Obi and LP had in their petition argued that Tinubu was not qualified to contest the presidential election, owing to the forfeiture of the said funds in accounts linked to him and as such be disqualified and all votes accrued to him in the election be declared as wasted votes.
But in the reply filed on his behalf and the Vice President-elect by their team of lawyers led by Chief Wole Olanipekun, SAN, Tinubu amongst others argued that the decision of the US District Court could not be enforced since it was neither registered nor domesticated in any court in Nigeria.
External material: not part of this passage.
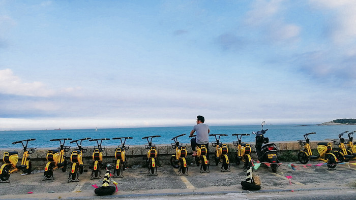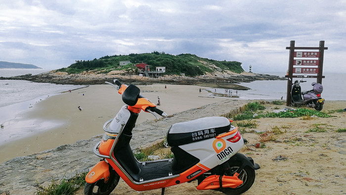 骑车去苏峰山,有环海路,被称为小 垦丁。太阳升起来便太晒,于是我们7点就出发了,天已经大亮了,应该更早起床的,17公里左右,我们骑着全速只能30码的电动车差不多40分钟骑到了环海路,很多人比我们先到了,本来是想去拍无人的环海路,看来要5点出发才行。

While pointing out that the judgment delivered on October 4, 1993, was not rendered by a court or tribunal created pursuant to Section 6 of the 1999 Constitution, he claimed that the decision “was not in respect of any cause of action or offence created by an Act of the National Assembly or law of a state, any subsidiary legislation or instrument under the provisions of a law in Nigeria or written law in Nigeria.
“This honourable court lacks the jurisdiction to enforce the purported decision of the US district court as sought and alleged under by the petition, the said decision having not been registered in any trial court or domesticated in any court in Nigeria.”
Besides, the second and third respondents, argued that Tinubu was not a party or defendant in the said case No 93C-4483.
“The 2nd respondent was/is not one of the listed parties in the decision of the United States district court in case No 93C-4483 delivered on October 4, 1993 as reproduced in paragraph 28 of the petition.
In addition, Tinubu said the petitioners did not disclose a reasonable cause of action cognizable under Sections 131, 134 and 137 of the 1999 Constitution and Section 134 of the Electoral Act, 2022.
The respondents pointed out that the case of the petitioners as pleaded has not disclosed any disqualifying factor as prescribed by Section 137 in that Tinubu was not under death sentence imposed by any competent court of law or tribunal in Nigeria or any jurisdiction at all.
“The 2nd respondent is not currently under a sentence of imprisonment or fine for any offence involving dishonesty or fraud imposed by any competent court of law or tribunal in Nigeria.”
In addition, it is the case of Tinubu and Shettima that the case not presented within a period of less than 10 years before the date of the election as stipulated by the Constitution adversely affected their case.
Besides, the respondents argued that the case was not a case of criminal forfeiture cognizant under 18 USC 982, which deals with criminal forfeiture, but rather a civil case for civil forfeiture under 18 USC 981, which the US instituted as a civil plaintiff against identified properties (not persons) as defendants.
Tinubu also argued that the final orders of judge John Nordberg were made pursuant to a settlement agreement (in the mold of a consent judgment) under the court’s civil jurisdiction in 18 USC 981.
In asking the court to dismiss the petition they submitted, he argued that the grounds contained therein and all the pleadings in support of same were academic and unable to confer any benefit on the petitioners.
Responding to the request for disqualification of Tinubu on account of alleged unlawful nomination of his running mate, the respondents submitted that the petitioners not being members of the APC lacked the locus standi to query the nomination of candidates on the platform of the APC.
In addition, they said the case of Obi and LP has become statute barred, having failed to challenge the said nomination of the second respondent within 14 days of the date and events specifically pleaded in the petition.
“All issues which relates to Tinubu and Shettima qualification are pre-election issues in respect of which the Court of Appeal, sitting as the tribunal does not have jurisdiction to entertain.
“Allegation of double nomination of an associate/running mate as made in the petition is not a cognizable basis for disqualification of the winner of a presidential election under the 1999 Constitution,” they submitted.